Implementation: We implemented Personal Interpreter as a Microsoft Hololens application. Since Mircrosoft Hololens currently does not support hosting USB clients, we could not implement DeepASL in Mircrosoft Hololens. Instead, we transmitted the ASL recognition results to Hololens via TCP/IP. Figure 16 illustrates the usage scenario and a screenshot from AR perspective. As shown, the recognized ASL sentence is displayed in the green dialogue box in the Hololens application. The tablet-AR set is burdensome to the deaf people, but we envision that in the future, the AR headset will be miniaturized and hence is much less burdensome for people to wear on a daily basis. Meanwhile, the future AR headset will be able to host a USB device, enabling direct data transmission from Leap Motion to itself.
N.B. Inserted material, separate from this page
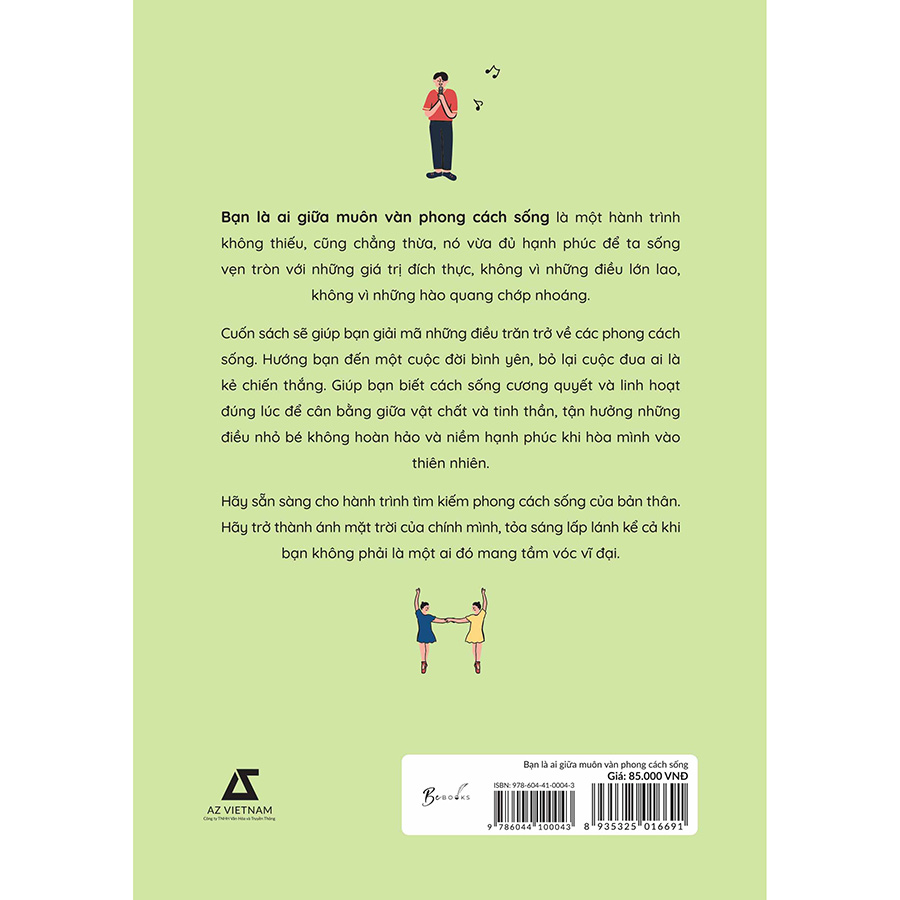“Bạn là ai giữa muôn vàn phong cách sống” dẫn dắt bạn đọc đi vòng quanh thế giới, tìm hiểu về những phong cách sống thú vị và khác biệt. Qua đó, chúng ta sẽ biết cách trân trọng những niềm vui giản dị nhưng đầy ý nghĩa với lối sống Hygge, yêu thương những điều không hoàn hảo như Wabi Sabi hay rèn luyện sự bình tĩnh khi gặp khó khăn cùng Chủ nghĩa khắc kỷ…
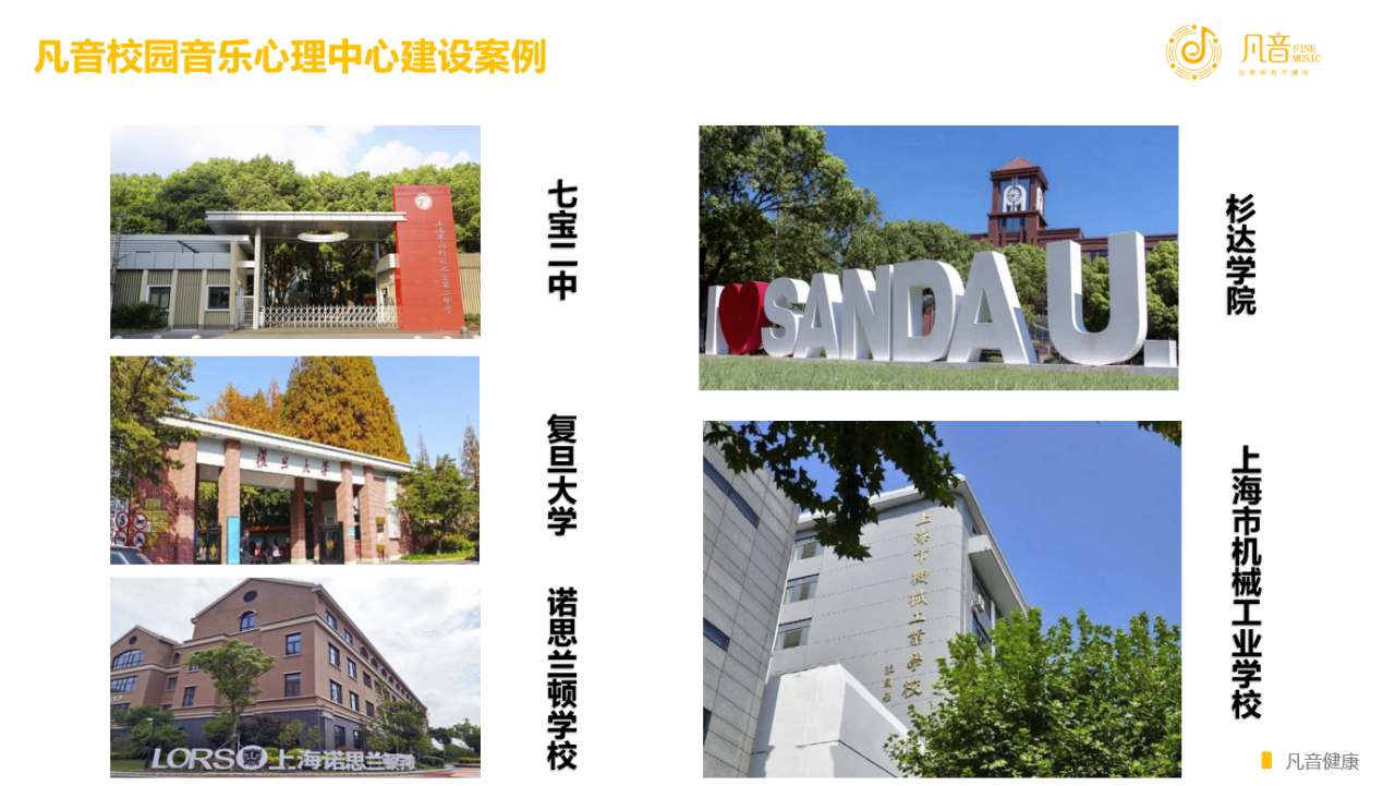 凡音优眠,在整合全球音乐治疗和表达性艺术治疗技术的基础上,结合中国传统文化和社会心理,创造性地在2019年推出青少年积极音乐心理课,经过3年多的持续实践和迭代,目前已经在复旦大学、杉达学院、七宝二中、中光中学、上海机械工业学校等院校形成了校园心理危机音乐干预综合解决方案。

Figure 16: The Personal Interpreter application: (a) a deaf person performing ASL while wearing a Microsoft Hololens AR headset; (b) a screenshot from AR perspective.
7.2 Application#2: ASL Dictionary
Use Scenario: For the second application, DeepASL is used as an ASL Dictionary to help a deaf person look up unknown ASL words. Spoken languages (e.g., English) allow one to easily look up an unknown word via indexing. Unfortunately, this is not the case for ASL. Imagine a deaf child who wants to look up an ASL word that she remembers how to perform but forgets the meaning of it. Without the help of a person who understands ASL, there is not an easy way for her to look up the ASL word. This is because unlike spoken languages, ASL does not have a natural form to properly index each gesture. ASL Dictionary solves this problem by taking the sign of the ASL word as input and displays the meaning of this ASL word in real time.
Implementation: We implemented ASL Dictionary as a Microsoft Surface tablet application. Figure 17 illustrates the usage scenario and a screenshot of the tablet application.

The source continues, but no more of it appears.